One question, is this texture filtering algorithm integrated in Glide64 itself (in Glide API) or in the wrapper?
 

squarepusher2

New member
Whatever, I like standard bilinear filtering anyway :p

One question, is this texture filtering algorithm integrated in Glide64 itself (in Glide API) or in the wrapper?

Glide64 is a rasterizer that is mostly CPU-bound. It is not really all that much different from the implementation of the RDP found in CEN64/MESS really - just more inaccurate (but it can be fixed I believe).

All the Glide part is used for is texture generation/sampling, vertice processing and final output image generation - and some other stuff that I'm not mentioning right now.

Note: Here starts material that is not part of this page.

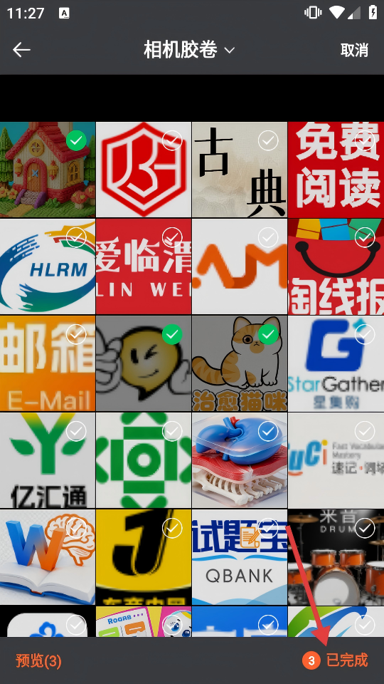 2、在相机胶卷中选择要拼图的图片,选好后点击【已完成】,进入拼图编辑页。

Anyway, I have nearly rewritten Glide64 entirely so that it is more maintainable - and I don't care about supporting 3Dfx Voodoo cards that nobody has or uses anymore - so I have taken liberties with the 'wrapper' part. Don't expect the 3-sample code changes to be easily portable to any existing plugin out so far. It's GLSL too so it would need to be a GL plugin - D3D need not apply.
 

Gonetz

Plugin Developer (GlideN64)
Am I right that author of the original algorithm is ArthurCarvalho and author of GLSL implementation in mupen64plus-libretro is twinaphex ?

And the question regarding the GLSL implementation:
for each read texel the following manipulation is applied:

c = vec4(c.rgb*c.a, c.a);

Why? That makes the algorithm not applicable to textures with zero alpha.